- **Aim of the task**
Reproduce the data below exactly as written. Pictures do not belong in the copy.

- **Given material**
*** Begin section ***

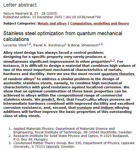 | Here is the abstract of a paper published in Nature Materials in 2002 (underlining by me) that shows that researchers start to calculate properties from scratch. | ||||||
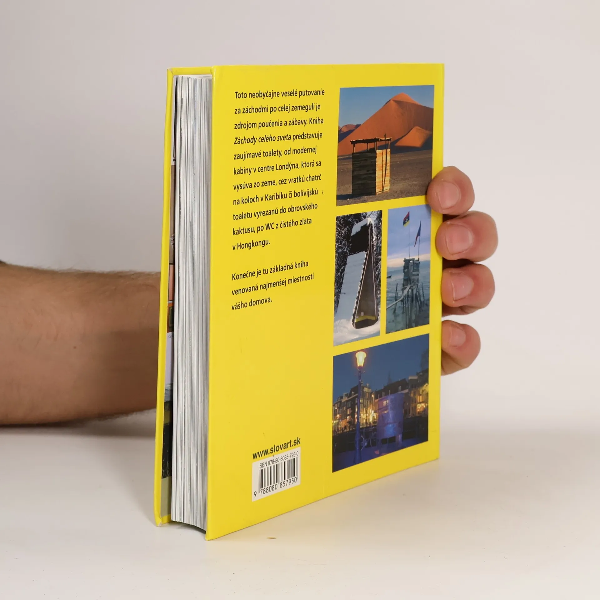 Toto neobyčajne veselé putovanie za záchodmi po celej zemeguli je zdrojom poučenia a zábavy. Kniha Záchody celého sveta predstavuje zaujímavé toalety, od modernej kabíny v centre Londýna, ktorá sa vysúva zo zeme, cez vratkú chatrč na koloch v Karibiku či bolívijskú toaletu vyrezanú do obrovského kaktusu, po WC z čistého zlata v Hongkongu. Konečne je tu základná kniha venovaná najmenšej miestnosti vášho domova.
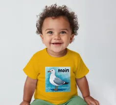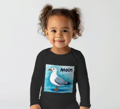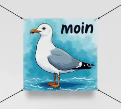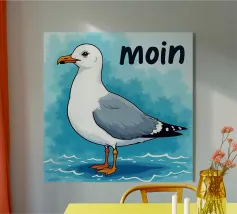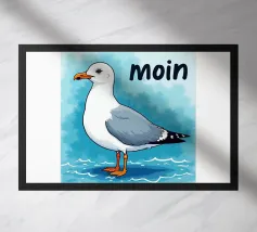 Moin, schön Tag, - così grida il gabbiano per metà giornata. Il gabbiano su una spiaggia del nord. Lì le persone sono solite salutarsi con la parola "MOIN". Buongiorno, buon pomeriggio. Un saluto naturale nel nord della Germania.
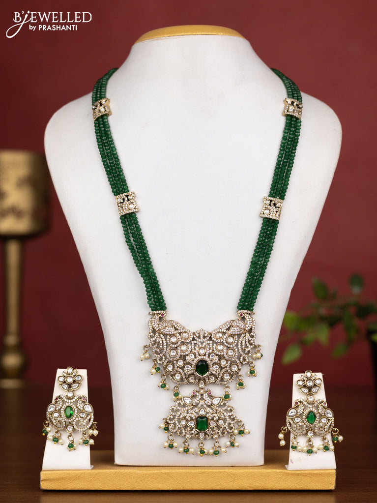 Beaded triple layer green necklace peacock design with emerald kundan & cz stones and pearl & beads hanging

*** End section ***

- **Completed exercise**
 | Here is the abstract of a paper published in Nature Materials in 2002 (underlining by me) that shows that researchers start to calculate properties from scratch. | ||||||
 Toto neobyčajne veselé putovanie za záchodmi po celej zemeguli je zdrojom poučenia a zábavy. Kniha Záchody celého sveta predstavuje zaujímavé toalety, od modernej kabíny v centre Londýna, ktorá sa vysúva zo zeme, cez vratkú chatrč na koloch v Karibiku či bolívijskú toaletu vyrezanú do obrovského kaktusu, po WC z čistého zlata v Hongkongu. Konečne je tu základná kniha venovaná najmenšej miestnosti vášho domova.
 Moin, schön Tag, - così grida il gabbiano per metà giornata. Il gabbiano su una spiaggia del nord. Lì le persone sono solite salutarsi con la parola "MOIN". Buongiorno, buon pomeriggio. Un saluto naturale nel nord della Germania.
 Beaded triple layer green necklace peacock design with emerald kundan & cz stones and pearl & beads hanging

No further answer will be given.